Write out exactly the lines below starting at the one containing "Excellent piece, with" and ending at the one containing "Объявление Замоскворецкой РЧК". Omit every picture.

(GIVEN DATA begins)

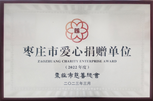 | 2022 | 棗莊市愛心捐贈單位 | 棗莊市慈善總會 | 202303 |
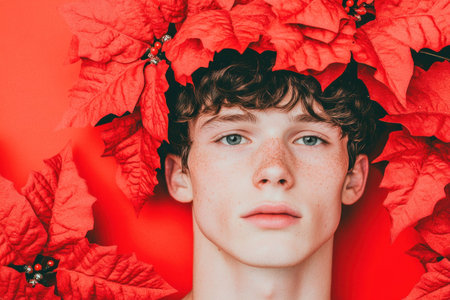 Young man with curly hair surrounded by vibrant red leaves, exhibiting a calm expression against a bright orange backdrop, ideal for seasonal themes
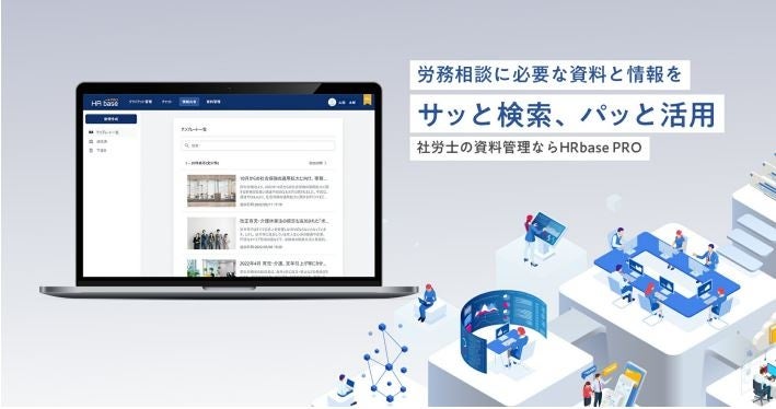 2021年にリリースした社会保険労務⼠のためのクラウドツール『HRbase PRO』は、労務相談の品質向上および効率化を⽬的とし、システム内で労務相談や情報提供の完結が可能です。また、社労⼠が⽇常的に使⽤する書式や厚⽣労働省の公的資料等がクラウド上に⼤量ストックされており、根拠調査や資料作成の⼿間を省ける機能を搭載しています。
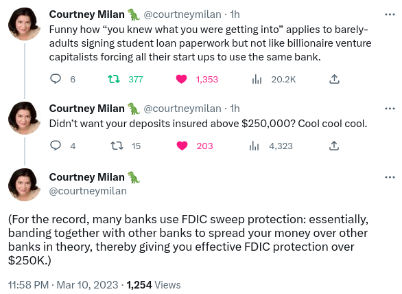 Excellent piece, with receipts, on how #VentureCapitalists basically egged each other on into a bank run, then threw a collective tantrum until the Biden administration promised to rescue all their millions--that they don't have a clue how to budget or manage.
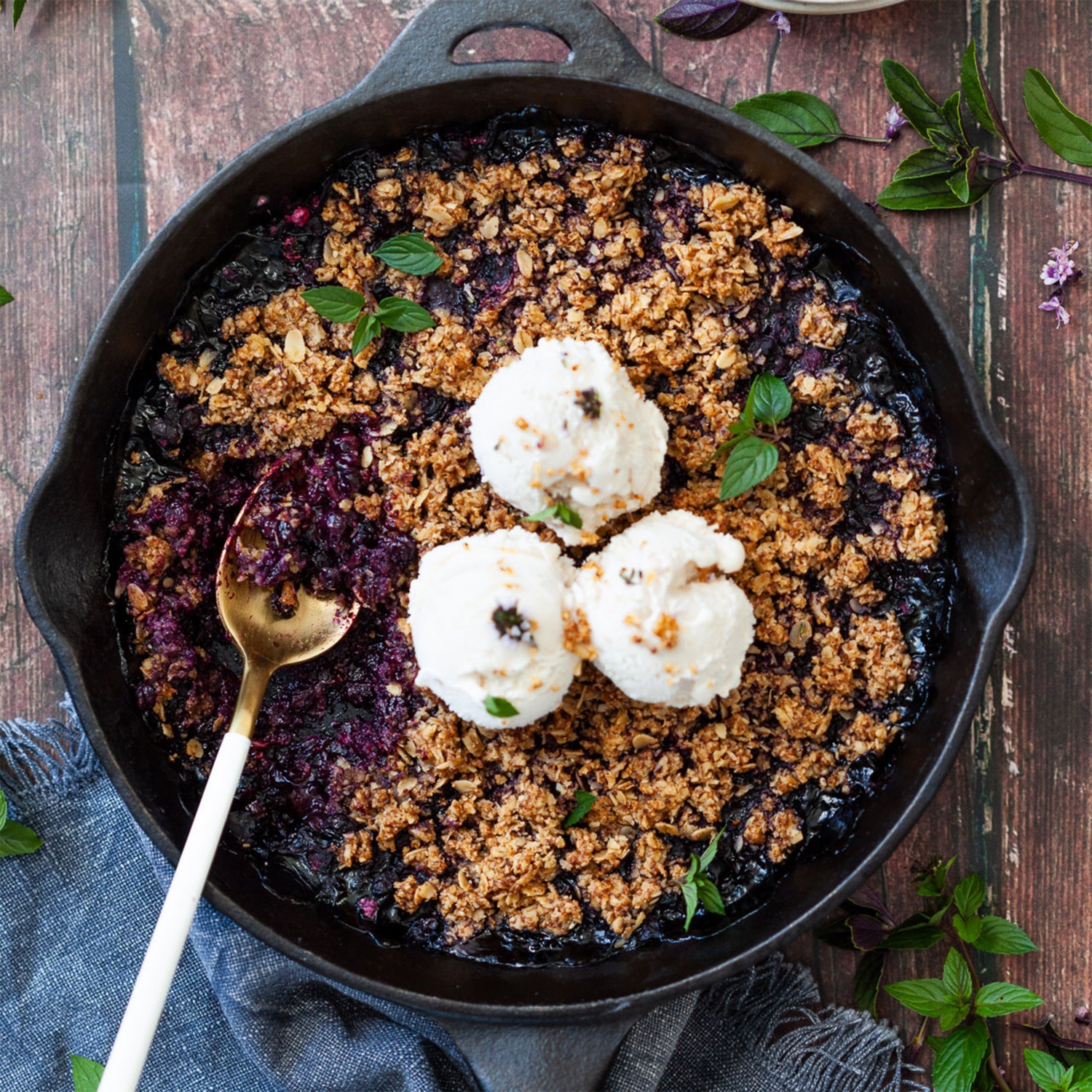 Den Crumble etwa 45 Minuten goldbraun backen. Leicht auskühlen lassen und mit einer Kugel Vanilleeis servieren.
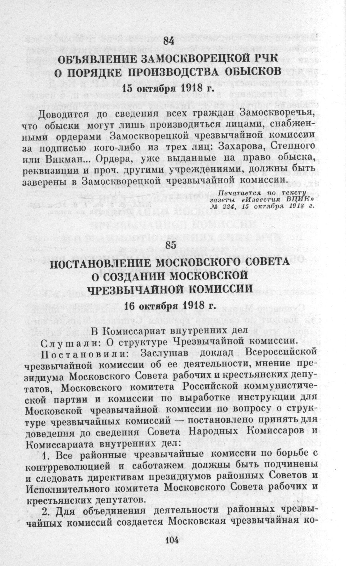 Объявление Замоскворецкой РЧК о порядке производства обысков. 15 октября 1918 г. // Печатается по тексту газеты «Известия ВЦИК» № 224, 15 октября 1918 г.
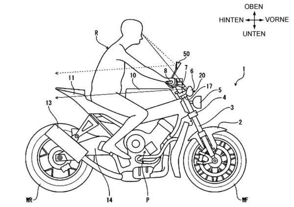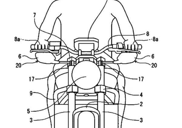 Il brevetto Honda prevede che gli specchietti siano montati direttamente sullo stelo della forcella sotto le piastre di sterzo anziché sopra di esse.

(GIVEN DATA ends)

» SOLUTION
 Excellent piece, with receipts, on how #VentureCapitalists basically egged each other on into a bank run, then threw a collective tantrum until the Biden administration promised to rescue all their millions--that they don't have a clue how to budget or manage.
 Den Crumble etwa 45 Minuten goldbraun backen. Leicht auskühlen lassen und mit einer Kugel Vanilleeis servieren.
 Объявление Замоскворецкой РЧК о порядке производства обысков. 15 октября 1918 г. // Печатается по тексту газеты «Известия ВЦИК» № 224, 15 октября 1918 г.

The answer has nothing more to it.